Nov 16 2012
In 1997, Dr. Robert Smith, a Scottish surgeon saw a patient with an atypical request. He wanted the surgeon to amputate his perfectly healthy left leg. Why the request? The patient argued his left foot wasn’t part of him. “It felt alien.” Dr. Smith had the patient see a psychiatrist. The patient was diagnosed with Body Integrity Identity Disorder (BIID). Smith performed the operation. At follow-up a couple of years later, the patient reported his life was positively transformed by the operation. Word got out. Smith saw another such patient and performed a similar amputation. And the second patient also reported a positive result.
Then, the story hit the media. The public reacted. Smith was ordered by his hospital to cease and desist.
Some BIID patients will try the back-door route toward amputation. They’ll injure their leg – then visit the surgeon – leaving the surgeon little choice.
From an article authored by a BIID patient in The Guardian:
First I needed to freeze and kill the leg so that surgeons would amputate it afterwards. I ordered dry ice pellets from a company near Edinburgh (the same stuff that is used in discos for the smoke effect). Nobody asked what it was for. I bought 40kg – it evaporates very quickly, so you have to buy a great deal. I put on layers of pantyhose, because you do not want it sticking to you, spread it in the back of the car and sat with my leg immersed in it for one hour. The pain was indescribable: it hurt so much I passed out a few times. I was scared, but more so of failure. I am that kind of person – I never fail.
I had not damaged the leg enough to have it amputated in hospital, so the following September I made a second attempt..
In an article in Journal Applied Philosophy (Vol. 22, No. 1, 2005), the authors tackled the following: (1) What would motivate someone to have an apparently healthy limb amputated?; and (b) under what conditions is it reasonable for doctor to accede to such requests?

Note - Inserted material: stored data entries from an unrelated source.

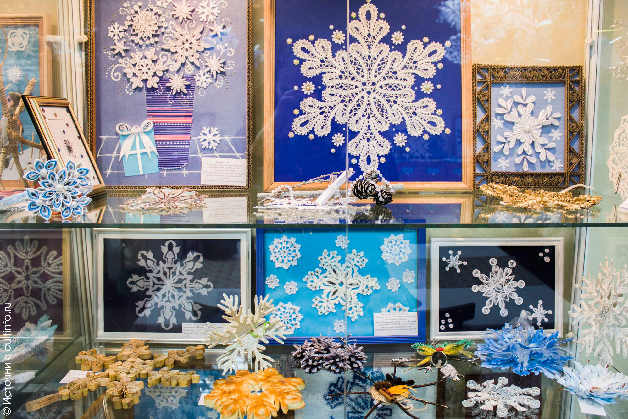 «Наша библиотека превратилась в настоящий зимний сад, – рассказывают библиотекари. – Каких только удивительных снежинок в нём нет! Из бересты, шишек, дерева, теста. Есть металлическая и зеркальная снежинки, кружевные, из бисера и лент, традиционные из бумаги. Вы увидите очень красивые подвески, ловцы снов, композиции, снежинку-книжку, снежинку, обсыпанную кокосовой стружкой, и много-много других удивительных поделок».
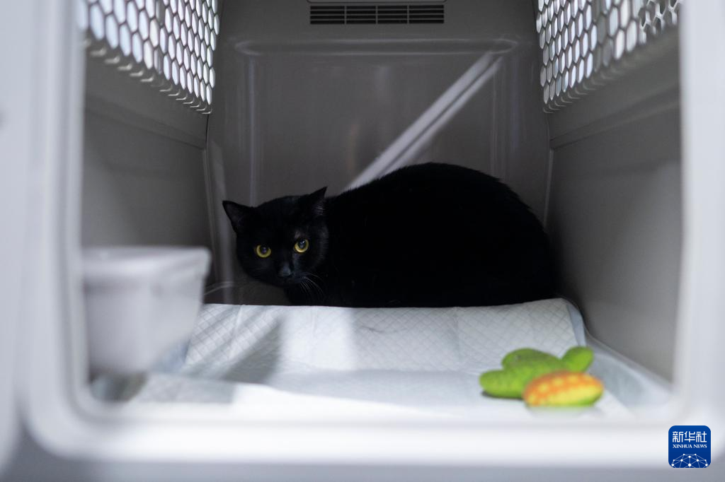 7月1日,一只宠物猫被旅客放进专用宠物运输箱内。
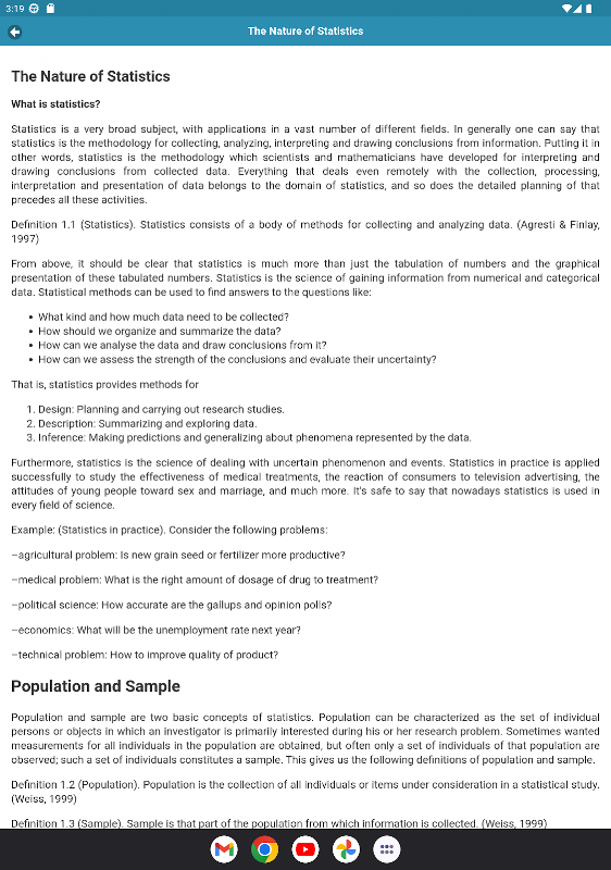 Statistik ist das Studium der Sammlung, Analyse, Interpretation, Präsentation und Organisation von Daten. Wenn Statistiken beispielsweise auf ein wissenschaftliches, industrielles oder soziales Problem angewendet werden, ist es üblich, mit einer statistischen Grundgesamtheit oder einem zu untersuchenden statistischen Modellprozess zu beginnen. Mit dieser App können Sie Statistiken lernen. Es wird Ihnen helfen, einen kurzen Blick auf die Vorlesungen zu werfen, bevor Sie die Prüfung ablegen. Grundlagen der Statistik für Studierende, die Statistik lernen möchten. Diese App enthält statistische Kurznotizen.
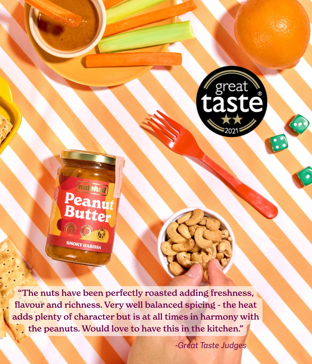 In the early days of Nutshed, we literally served roasted nuts from a shed as beer snacks during Limerick City of Culture. Here we’ve taken these smoky, sweet and salty nuts, added a little heat, and mixed them up with Original Smooth to create a deeply smoky, savoury, full-flavoured peanut butter that packs a little punch.
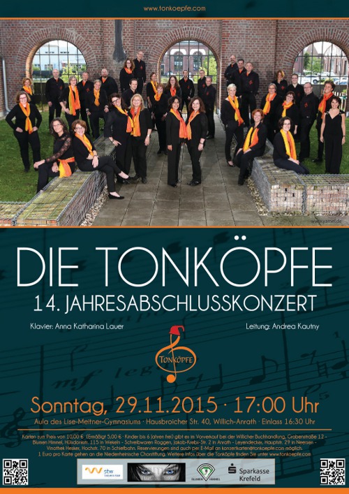 Karten im Vorverkauf per Mail an konzertkarten@tonkoepfe.com für 10 Euro (Abendkasse 12 Euro).
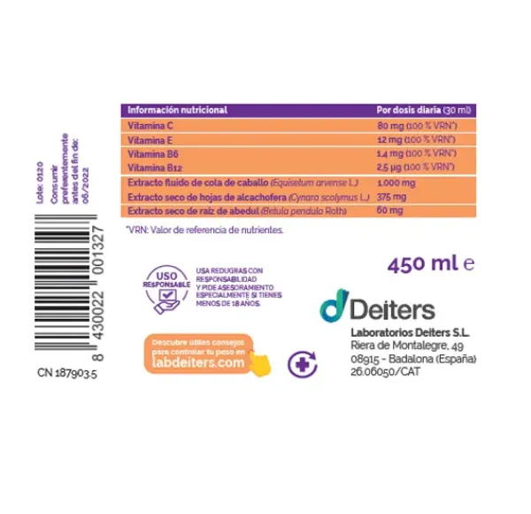 La cola de caballo realiza una función drenante, depurativa y remineralizante. El abedul1 promueve el proceso de detoxificación y ayuda a la digestión. La alcachofera2 contribuye a reducir los niveles de lípidos en sangre y ayuda a la detoxificación por sus propiedades depurativas. Las vitaminas C y E4 contribuyen a la protección de las células del daño oxidativo. Las vitaminas B6 y B125 contribuyen al metabolismo energético normal y a reducir el cansancio y la fatiga
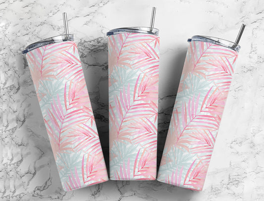 Pastel Floral Palm Tree Frons Leaves Tumbler
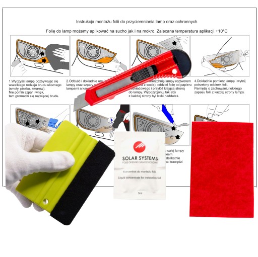 - rakla z filcem, ostry nożyk do cięcia folii, koncentrat płynu do aplikacji, środki do oczyszczenia i odtłuszczenia powierzchni - które od nas otrzymujesz w zamówieniu
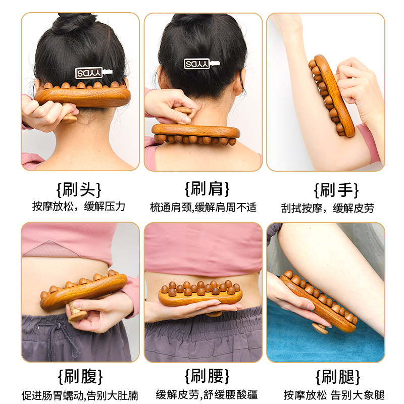 Sandalwood 16 Pearl Meridians Brush Full Body Universal Belly Small Bellied Back Scraping Knead for home Shoulder Neck Head Massage-Taobao

The authors noted that patients with BIID are suffering; and the condition does not respond to more conservative measures – including psychotherapy. In addition, functional MR studies have identified imaging signatures suggesting reasons why patients experience a limb as alien.
The authors then continued:
In a world in which many are born without limbs, or lose their limbs to poisons, landmines, and other acts of man and God, it might seem obscene to legitimize the desire for the amputation of healthy limbs. But we have argued that, in the case of at least some [of these patients], the limb in question is not as healthy as it might appear: in an important sense, a limb that is not experienced as one’s own is not in fact one’s own.
Disorders of depersonalization are invisible to the outside world: they are not observable from the third-person perspective in the way that most other disorders are. But the fact that they are inaccessible should not lead us to dismiss the suffering they might cause. Whether amputation is an appropriate response to this suffering is a difficult question, but we believe that in some cases it might be.
The authors supported their arguments with a formal ethical analysis; respect for autonomy, minimize harm; and beneficence. So, for patients with established BIID resistant to other treatment, on balance, it is morally permissible to amputate an “ostensibly” healthy limb. The mismatch between the patient’s subjective experience of their body and what third parties “objectively observe” makes this a challenging conundrum.
What do you think? Any analogous situations in your practices?